He was wearing sunglasses, jeans, and an orange sweater vest with no shirt under it. I laughed.
“Nice sweater vest,” I said.
“What, this old thing?”
I patted my hair, hoping there was no obvious sign that I’d been in the ocean for days. I didn’t want any trail leading back to my parents. “Where are we going?”
“I’ve got a place—”
“Tell me it’s a secret lair. I’ve always wanted to hang out in a secret lair.”
“Of course it’s a secret lair.”
“Yes!” I glanced at his bare arms and then quickly away. “So, where are you getting your money?”
“I’m not working for him, Maisie. I promise.”
I nodded.
“It’s ridiculously easy to get a credit card under another name, now that I’ve figured out how.”
“Seems a tad unethical.”
“Better than assassinating people.”
His posture was stiff, left arm resting on the driver-side door, his body angled away from me. I told myself the emotional content of his e-mails had played no part in my decision to come here. Mi-sun and Jacques needed me, and working with Wilder was logical. I hadn’t expected him to revert to his pre-Beanstalk, pick-up-line, over-the-top self. And I didn’t want him to.

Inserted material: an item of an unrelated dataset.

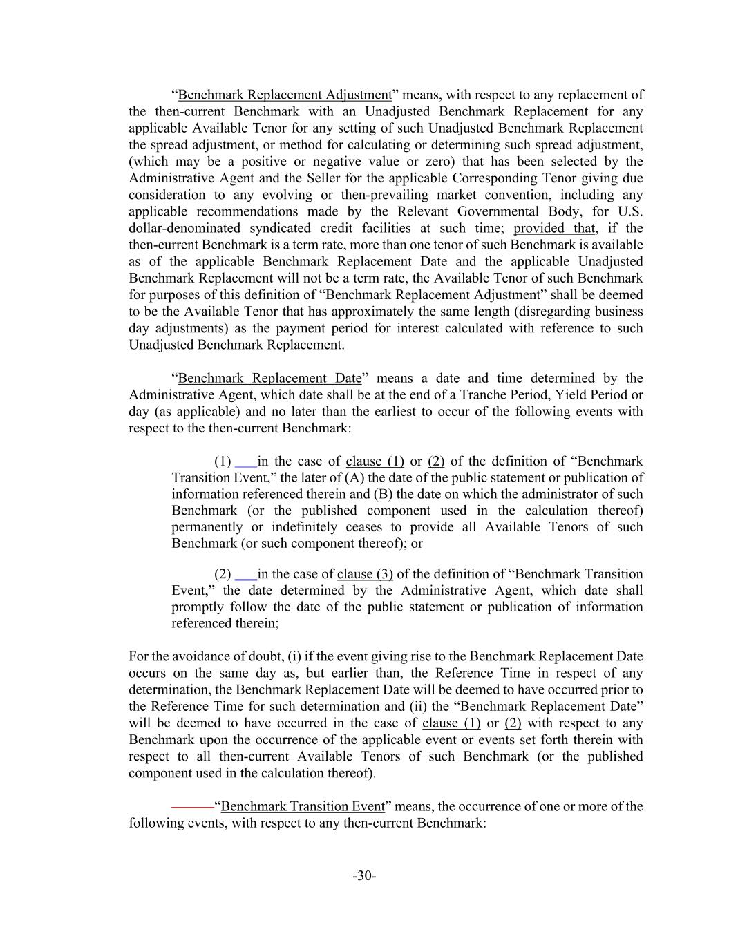 -30- “Benchmark Replacement Adjustment” means, with respect to any replacement of the then-current Benchmark with an Unadjusted Benchmark Replacement for any applicable Available Tenor for any setting of such Unadjusted Benchmark Replacement the spread adjustment, or method for calculating or determining such spread adjustment, (which may be a positive or negative value or zero) that has been selected by the Administrative Agent and the Seller for the applicable Corresponding Tenor giving due consideration to any evolving or then-prevailing market convention, including any applicable recommendations made by the Relevant Governmental Body, for U.S. dollar-denominated syndicated credit facilities at such time; provided that, if the then-current Benchmark is a term rate, more than one tenor of such Benchmark is available as of the applicable Benchmark Replacement Date and the applicable Unadjusted Benchmark Replacement will not be a term rate, the Available Tenor of such Benchmark for purposes of this definition of “Benchmark Replacement Adjustment” shall be deemed to be the Available Tenor that has approximately the same length (disregarding business day adjustments) as the payment period for interest calculated with reference to such Unadjusted Benchmark Replacement. “Benchmark Replacement Date” means a date and time determined by the Administrative Agent, which date shall be at the end of a Tranche Period, Yield Period or day (as applicable) and no later than the earliest to occur of the following events with respect to the then-current Benchmark: (1) in the case of clause (1) or (2) of the definition of “Benchmark Transition Event,” the later of (A) the date of the public statement or publication of information referenced therein and (B) the date on which the administrator of such Benchmark (or the published component used in the calculation thereof) permanently or indefinitely ceases to provide all Available Tenors of such Benchmark (or such component thereof); or (2) in the case of clause (3) of the definition of “Benchmark Transition Event,” the date determined by the Administrative Agent, which date shall promptly follow the date of the public statement or publication of information referenced therein; For the avoidance of doubt, (i) if the event giving rise to the Benchmark Replacement Date occurs on the same day as, but earlier than, the Reference Time in respect of any determination, the Benchmark Replacement Date will be deemed to have occurred prior to the Reference Time for such determination and (ii) the “Benchmark Replacement Date” will be deemed to have occurred in the case of clause (1) or (2) with respect to any Benchmark upon the occurrence of the applicable event or events set forth therein with respect to all then-current Available Tenors of such Benchmark (or the published component used in the calculation thereof). “Benchmark Transition Event” means, the occurrence of one or more of the following events, with respect to any then-current Benchmark:

I told myself lots of things.
He pulled into a drive-through before I could ask, ordering everything on the menu. I went straight for a fish burger. The cooked variety was a whole new experience.
“Where’d you get this?” I asked, touching the woven leather wristband he never seemed to take off.
“From one of those gumball-type machines,” he said. “Years ago at some pokey zoo, my mom gave me two quarters for the machine and this was the prize.”
“Does your mom know about the tokens?” I asked, realizing I knew nothing about her.
“Doubtful. She’s been missing for three years.”
He said it so casually, I choked on a tater tot.
“Missing?”
“GT said she moved back to Russia and was too busy running her charity stuff to call me.” He twisted the wristband. “Apparently I needed billions of nanorobots enhancing my brain before I could figure out the most obvious truth. GT knocked off his wife. Maybe she asked for a divorce. He would never allow that.”
“Wilder, that’s …” I couldn’t think of any adjective strong enough for what that was.
“That’s the wacky Wilder clan!” he said. “Imagine the reality TV possibilities. I didn’t figure it out until I got to using my thinker brain on something other than the fireteam—so, after you left. GT and I have parted ways forever. You know that car accident we stumbled on when we were playing seek-the-thinker? That was Dad’s work. He caused it so he could observe the fireteam in action.”
“And now he’s turning Mi-sun into an assassin.”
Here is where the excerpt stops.